As I arrived there were 9 tables of players remaining. I pushed into a table, dealt for half an hour then got pushed out and went on break, came back and pushed into the end of a row. This time I got three tables in a row to deal without a break. This deal one, break, deal one break is a nice easy pace, but I really only make money when I actually deal. Break doesn't pay much.


Surveying the field I noticed that there just weren't very many big names remaining in the event. No Phil Gordons or Phil Hellmuths. Just a few semi-familiar faces some of whom I remember dealing to earlier either in satellites or in the cash games. When I pushed into Table 47 I saw a familiar face but I couldn't place it. He was in seat four.


He looked at me and said, "Your name tag is Harrison but you go by Buz, don't you?" "...Brent, from Wysteria."


OMG. Back a few years ago when I lived in Ann Arbor I occasionally played in a game at Brent's apartment. I was just learning to play the No Limit game. We had hooked up via the A2Poker group on Yahoo! when he had sent an open invitation to the group. We played No Limit Hold'em with blinds at twenty-five and fifty cents in his dining room. Of course, Brent didn't have a dining room table, he had a poker table in his dining room. I brought the beer.


How cool was this? Here I am dealing at the WSOP and I find at one of my tables a guy I used to play Poker with for quarters.


After a few hours of the tournament, we had gotten down to four or five tables and I pushed into Brent's table. This time he was in seat seven. Play is pretty intense at this point in the tournament. Players have made the money but there is a huge difference between 36th place and the final table payouts. Tens of thousands to hundreds of thousands if a player made the top three. Antes are now $1000 per hand and the blinds are $5,000 and $10,000. Brent is first to act and he calls the $10,000. This is kind of unusual because most players are raising when they enter a pot, hoping to either win the blinds and antes without a fight or get heads up with someone and win a big pot. Also, Brent doesn't have a very large stack, so you would think that he would want to apply maximum pressure by raising, rather than just limping along. Jason Sanders in seat nine raises it to $30,000. All the other players fold and it's back to Brent to decide to fold, call or raise.


Brent said, "Raise. I'm all in."


Jason Sanders has about three times the number of chips Brent has making this a big decision on his part. On the one hand he risks losing a third of his stack, on the other, he could move near the chip lead and eliminate another player if successful.

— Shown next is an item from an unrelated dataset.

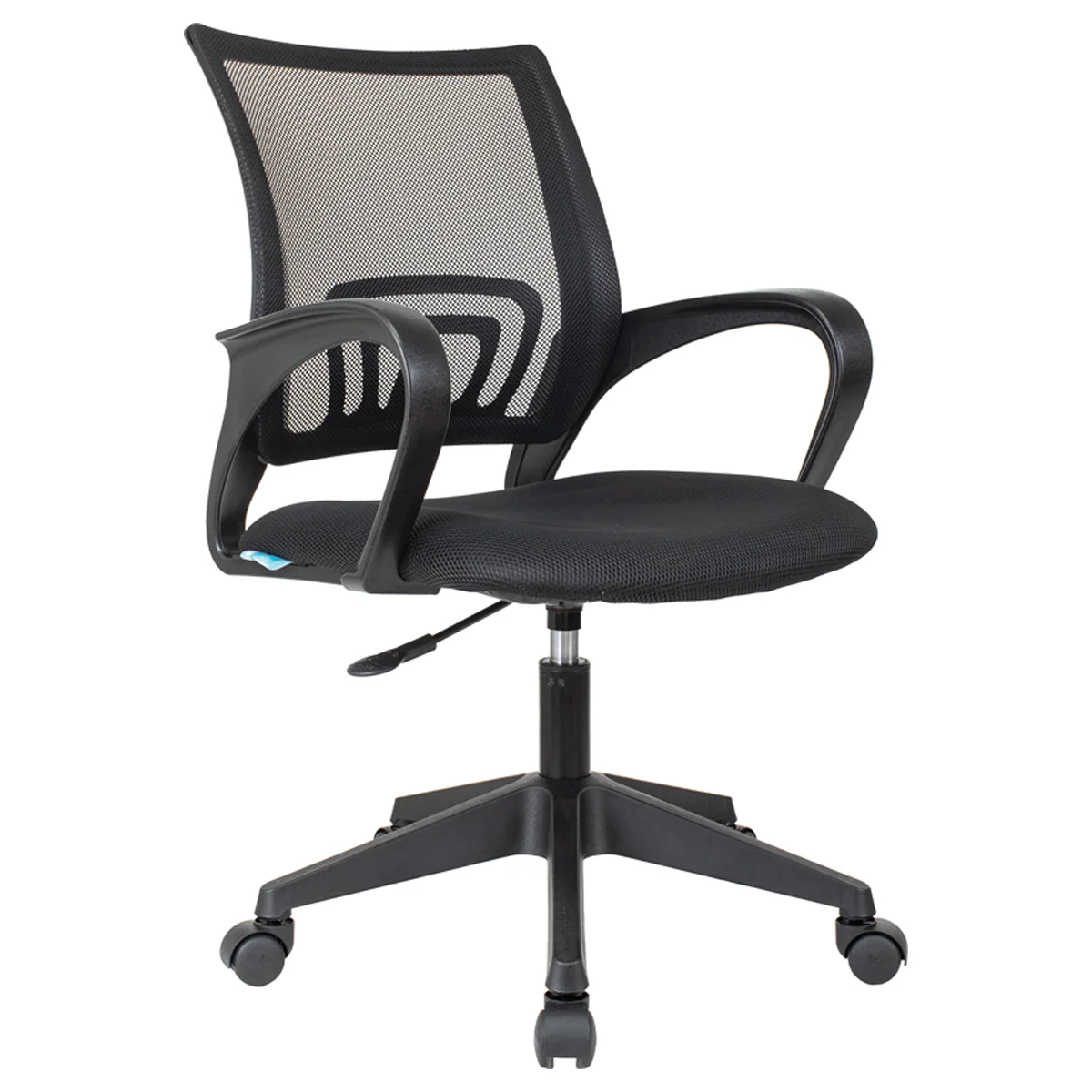Максимальная нагрузка составляет 120 кг. Газпатрон 2 класса по стандарту Germany DIN 4550. Каркас – немонолитный, материал набивки – поролон, крестовина – пластиковая, подлокотники тоже изготовлены из пластика. Спинка из сетчатого акрила черного цвета подстраивается под физиологические изгибы спины. Сиденье выполнено из ткани чёрного цвета. Без механизма качания. Регулировка кресла по высоте. Гарантийный срок – 3 года. Кресло поставляется в картонной коробке в разобранном виде.

Jason shook his head saying, "That's an Aces move. It's either Aces or a small pair."


He anguished over it for a full three minutes before making up his mind saying, "All right. I call." As he flips over a pair of Queens.


All eyes on Brent as he turns over, not Aces, but a pair of Fours. He looked at me and said, "Come on Buz, you can do it."


Brent was a 4 to 1 underdog. He needed a Four. And no Queens. Unless he catches a Four, Brent would be eliminated, out of the tournament in 36th place. I burned a card and slid it under a few chips at the edge of the pot then peeled off the three flop cards, face down in front of me. I picked them up and moved them to the center of the table. As I flipped them over to spread them on the board I could see it. The Four of Spades right in the window. The first card you could see. No Queens show up. Brent doubles up and now has enough chips to work with to get to the final table.


After a few more downs dealing, players are eliminated and when there are only two tables left, they only need three dealers and it's my turn to call it a night.


Later that night, after I left, Brent caught a Five to make three-of-a-kind Fives and coasted into the final table sixth in chips out of the nine remaining players.


The next day, Brent busted out in eighth place, good for over $80,000 in his first and only appearance at the World Series of Poker.